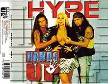"Hands Up" is a 1995 song by Norwegian Eurodance group Hype, consisting of singer Linda Johansen and two rappers.[1] It is a cover of the 1981-single by the French pop music duo Ottawan and peaked at number 10 in Norway.[2] In Finland, it was a even bigger hit, reaching number 7. A controversial music video featuring frequent nudity with brief modesty bars was also made for the song. Swedish band Army of Lovers had a number 44 hit in Sweden in 2001 with their cover version.[3]
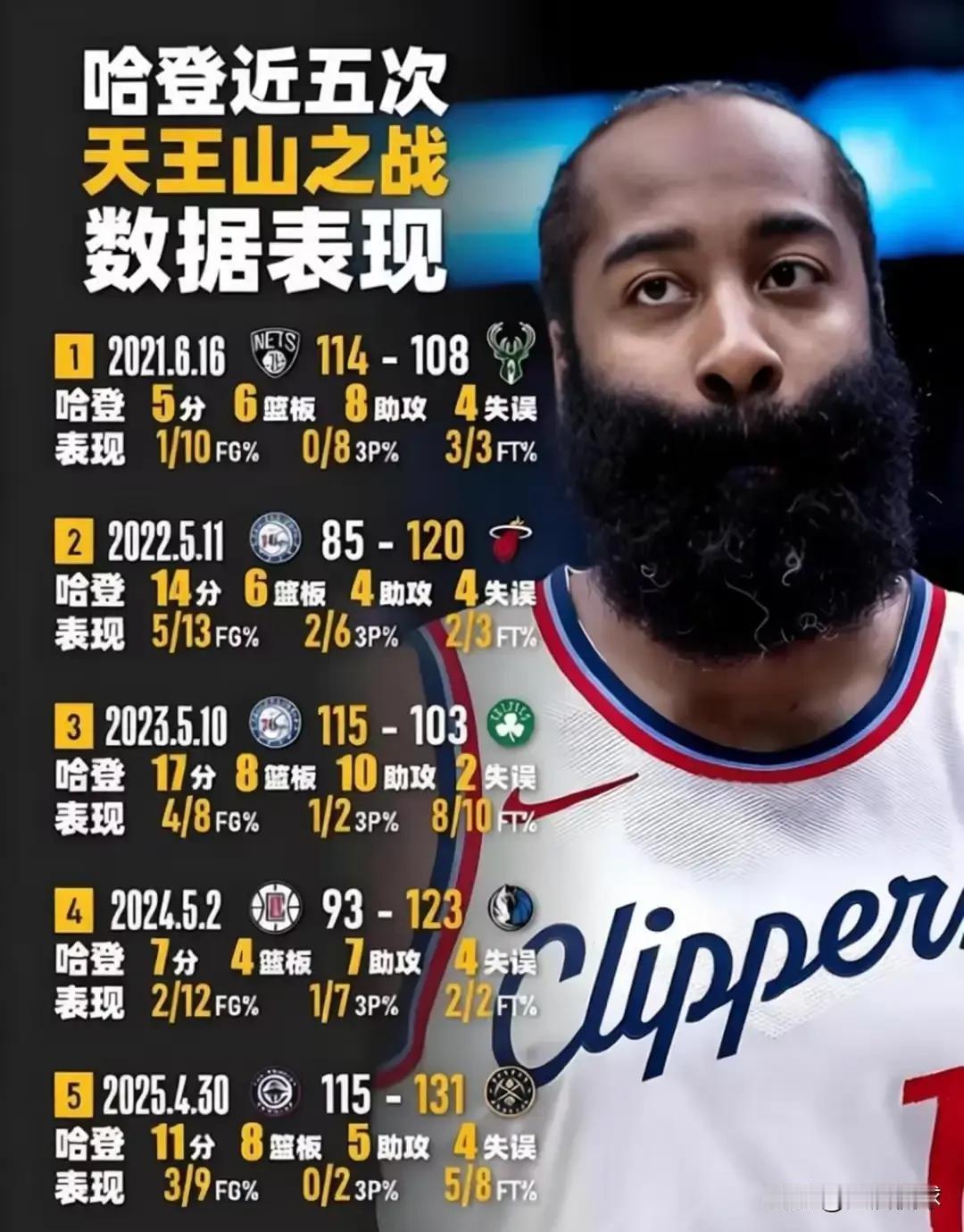 过去十年,哈登在天王山、抢七战经常打出低效率。
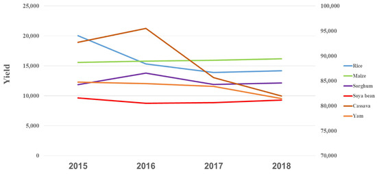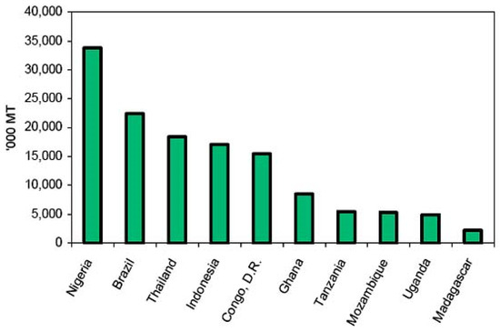 Third, the botanical name of cassava is Manihot esculenta which is a woody shrub of the spurge family [65]. Indeed, cassava is another important plantation explored in this study. Historically, cassava is a crop originally from South America that was introduced in the southern part of the country during the slave trade in the 16th century. It is noteworthy to mention, in agreement with previous studies, that there was a boost in the agricultural sector with a specific emphasis on cassava crop production in the 19th century [66]. Thus, cassava is indeed considered a prime economic sustenance crop for improving socio-economic development in the country. Reiteratively, Nigeria is one of the largest producers of cassava in the entire world, and the country’s production of the product constitutes 19% of the entire world’s production. A previous study has affirmed that out of 36 states in the country, 24 states such as Anambra, Delta, Edo, Benue, Cross River, Imo, Oyo, Rivers, etc., are major producers of cassava, as the literature contends [67]. In more than two decades, the country has produced more than 45 tons of cassava, and in the year 2000, the average yield per hectare was 10.6 tons. In the year 2010, the government targeted 150 million tons of cassava which led to USD 5 billion earnings from annual exports [68]. Hence, due to the exorbitant profit from cassava investment, there was an adopted innovation that led to the introduction of vitamin A-rich cassava in the country. Subsequently, the government introduced other pro-Vitamin A varieties of cassava by targeting and empowering approximately 1.8 million farmers. Reiteratively, cassava is one of the essential commodities for the country’s potential income from agricultural products with output tons of 59, 193, 708 and the potential income estimate of 11.72, as shown in Table 4.
···
### [TASK INSTRUCTIONS]
Write out all the material above exactly, with no image carried over.

### [OUTPUT FOR THIS EXERCISE]
"Hands Up" is a 1995 song by Norwegian Eurodance group Hype, consisting of singer Linda Johansen and two rappers.[1] It is a cover of the 1981-single by the French pop music duo Ottawan and peaked at number 10 in Norway.[2] In Finland, it was a even bigger hit, reaching number 7. A controversial music video featuring frequent nudity with brief modesty bars was also made for the song. Swedish band Army of Lovers had a number 44 hit in Sweden in 2001 with their cover version.[3]
 过去十年,哈登在天王山、抢七战经常打出低效率。
 Third, the botanical name of cassava is Manihot esculenta which is a woody shrub of the spurge family [65]. Indeed, cassava is another important plantation explored in this study. Historically, cassava is a crop originally from South America that was introduced in the southern part of the country during the slave trade in the 16th century. It is noteworthy to mention, in agreement with previous studies, that there was a boost in the agricultural sector with a specific emphasis on cassava crop production in the 19th century [66]. Thus, cassava is indeed considered a prime economic sustenance crop for improving socio-economic development in the country. Reiteratively, Nigeria is one of the largest producers of cassava in the entire world, and the country’s production of the product constitutes 19% of the entire world’s production. A previous study has affirmed that out of 36 states in the country, 24 states such as Anambra, Delta, Edo, Benue, Cross River, Imo, Oyo, Rivers, etc., are major producers of cassava, as the literature contends [67]. In more than two decades, the country has produced more than 45 tons of cassava, and in the year 2000, the average yield per hectare was 10.6 tons. In the year 2010, the government targeted 150 million tons of cassava which led to USD 5 billion earnings from annual exports [68]. Hence, due to the exorbitant profit from cassava investment, there was an adopted innovation that led to the introduction of vitamin A-rich cassava in the country. Subsequently, the government introduced other pro-Vitamin A varieties of cassava by targeting and empowering approximately 1.8 million farmers. Reiteratively, cassava is one of the essential commodities for the country’s potential income from agricultural products with output tons of 59, 193, 708 and the potential income estimate of 11.72, as shown in Table 4.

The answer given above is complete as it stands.